Am I correct to think that boostraping based classifier or regressor should be robust to that kind of unknown sampling bias?

ogrisel · 5 July 2021 14:07

Including the hospital id as a categorical variable will not help your model predict any better on data from future unseen hospitals, quite the opposite.

The goal here is to ensure that you measure the right kind of generalization performance in your CV loop.

If you want to build an optical character recognition system, and claim that its performance is not significantly impacted by the writing style you need to evaluate it on data written by people who are not part of the training set.
If you build a system to diagnose some disease on IRM images and claim that its prediction error is not impacted significantly by the model or manufacturers of the IRM device, you need to make evaluate it on medical images recorded on devices by manufacturers that are not present in the training set.

What is the important here is the nature of the claim you are making with the result of the CV procedure.

ogrisel · 5 July 2021 14:12

No model is can ever be 100% immune to dataset bias. Bagging models are generally better calibrated than the base estimators they are built upoin but this is another matter.

But if a training set does not cover enough combinations of features that are important to make good predictions on the test set, no data-driven procedure will be able to fix that.

echidne · 5 July 2021 14:27

ok. I was naively thinking that resampling data as by boostraping should erase sampling biais.
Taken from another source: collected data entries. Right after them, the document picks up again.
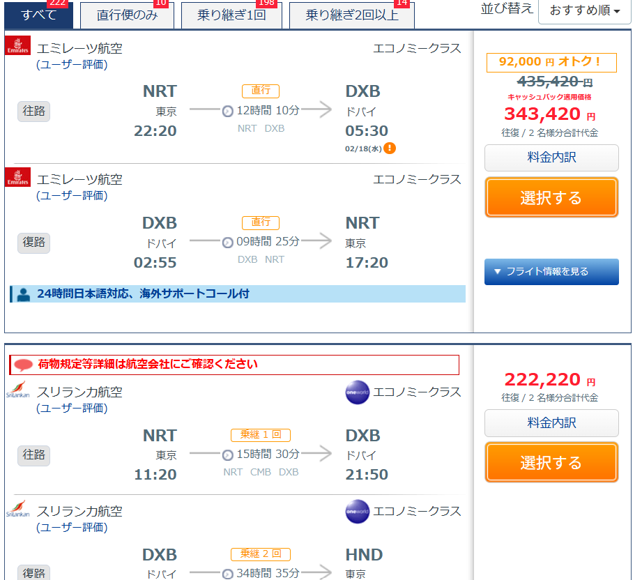 エミレーツ航空の他にも、スリランカ航空やエア・インディア、大韓航空などの航空会社も選べます。
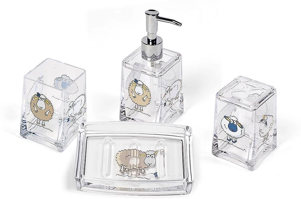 Дозатор для жидкого мыла Funny Sheep из прочного небьющегося многослойного акрила — стильный и практичный аксессуар для ванной комнаты или кухни.
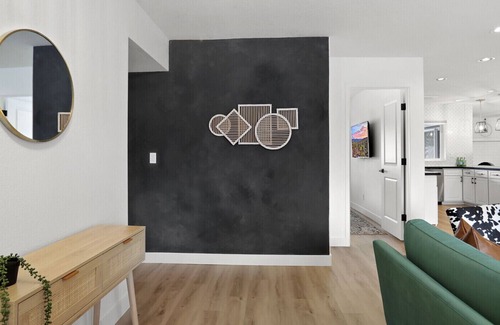 Our professionally designed interior remodel was completed in December 2022. All furnishings were hand selected by our designer. There are 5 unique and modern bedrooms with a total of 6 beds – 2 kings, 2 queens, & 2 doubles. Each bed is made with clean and cozy linens, and our guests often tell us how comfortable our beds are. The kitchen is fully equipped and has everything you may need to cook and enjoy large meals for friends and family. The living room has a record player with an impressive collection of records that includes many iconic artists and albums. The dining room has an 8-person dining table and a cozy indoor wood-burning fireplace.

I found several autors that are saying that boostraping is the solution to avoid sampling bias.
I understand that grouping allow us to bring to light hidden data structures and I was thinking that boostraping (since they are resampling the data) should hide under the rug that kind of problem and should be avoided for that reason.

Fiona_A · 11 July 2021 14:27

Unrelated to what has been saying but for this quiz question. How i was reading it I thought it was just one answer.

“Which cross-validation strategy we should not use”
i think should read:
“which cross-validation strategy(s) should we not use”

I was incorrect with this question either way but the question was making me think there was only one answer not multiple.

lesteve · 6 January 2022 15:12

I think this quiz problem has been fixed, the wording is now:

Which cross-validation strategies are the most adequate to evaluate the ability of the model to make good predictions on patients from unseen hospitals.

The rest is more a general discussion without that many actionable points …

So removing the priority-mooc-v2 for this one.